「別提那個沒心肝的。」紫嫣滿臉鄙夷,「縱然擺脫了罪奴的身份,他也沒資格跟主子站在一起,且……心懷不軌,就是一頭喂不熟的白眼狼。」
紫嵐不贊同,「當初在南兆九州的時候,他也是護過主子的。」
「哼。」紫嫣冷嗤,「那
是他自覺不是主子的對手,不得不依附于主子,以擺脫罪奴的身份,此人居心叵測,早晚是個禍害。」
紫嵐不善言辭,只能哼哼唧唧的表示抗議。
「真是陰魂不散,說誰誰到。」紫嫣咬咬牙。
紫嵐一怔,轉頭便瞧見了立在對面的祁越,這廝是從宮里出來的,直奔公主府,難道是春風閣有消息了?又或者是刑房里的那些人,吐了實話?
她剛要開口,卻被紫嫣一把拽住,「閉嘴。」
紫嵐:「??」
「讓你別說話你就別說話。」紫嫣低斥,「這事交給主子自行處置。」
紫嵐眉心緊蹙,可主子背對著祁越,背后又沒長眼睛,這怎么處置?但她無謂為了這樣的事情,跟紫嫣起爭執,只能保持緘默。
祁越站在那里,面色平靜的瞧著,站在九曲橋上的二人,風光瀲滟,紅衣蹁躚,如同綻放在陽光底下的盛世牡丹,象征著大昭最富貴的天家存在。

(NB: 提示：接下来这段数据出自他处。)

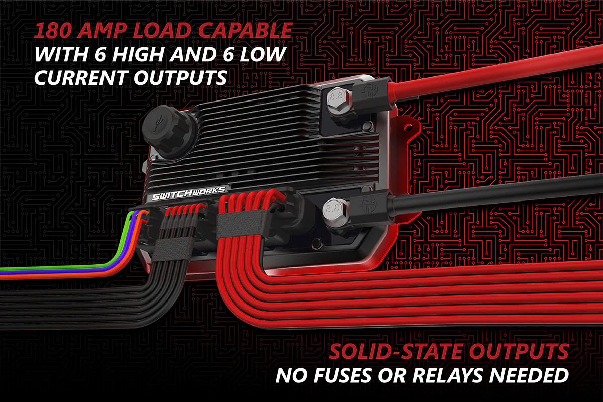 The SSV Works SwitchWorks 12 Output Electronic Switcher offers ultimate control over your UTV or ATV accessories. Featuring 15 fully programmable outputs managed via an LCD Touch-Button display, this unit allows you to customize your vehicle’s controls with 64 pre-loaded icons or upload your own via the PC app. The weatherproof control module supports up to 200 amps, providing reliable solid-state switching, strobe control, and dimmer capabilities. Plug-&-Play installation makes setup easy, while solid-state electronics ensure faster, more reliable operation than traditional relays. Take full command of your accessories with a professional-grade, customizable solution.

波光瀲滟,于裙擺落著斑駁的光影,她將脊背挺得筆直,盈盈束腰,不過一握,斜鬢的金步搖隨風輕輕搖曳,略有些清音繚亂。
身邊那人,長身如玉,一襲墨色的官服,極是干凈利落。
這二人往那一站,于外人看來倒是極為登對,但在祁越看來,卻有些礙眼,哦不,不是有些礙眼,而是極為礙眼。
形影不離,信任至極。
這八個字,便是百里長安與沈唯卿的關系寫照。
于她而言,能夠比肩而立,交付脊背的人,非沈唯卿莫屬……
許是身后的目光太過熾烈,以至于百里長安下意識的側過臉,瞧了一眼身后,竟發現祁越就站在湖對面,一瞬不瞬的盯著這里。
她徐徐轉過身來,與他面對面站著,隔著水波瀲滟,明明瞧不清楚他臉上的情緒變化,看不清楚他眼底的神色,可她總覺得他好似不太高興了。
「怎么了?」沈唯卿跟著轉身。
一轉身才知道,原來祁越來了,不知道站在那里看了他們多久?
「宮里大概來消息了。」百里長安抬步就走。
沈唯卿沒有攔著,公事要緊,「欸?」
「什么?」她頓住腳步,回眸瞧他。
沈唯卿笑著搖頭,輕輕將她斜鬢上的步搖扶正,指尖輕柔的將鬢發別至耳后,「不管發生何事,我都支持你。」
「這話說過千回,記住了!」她頭也不回的離開。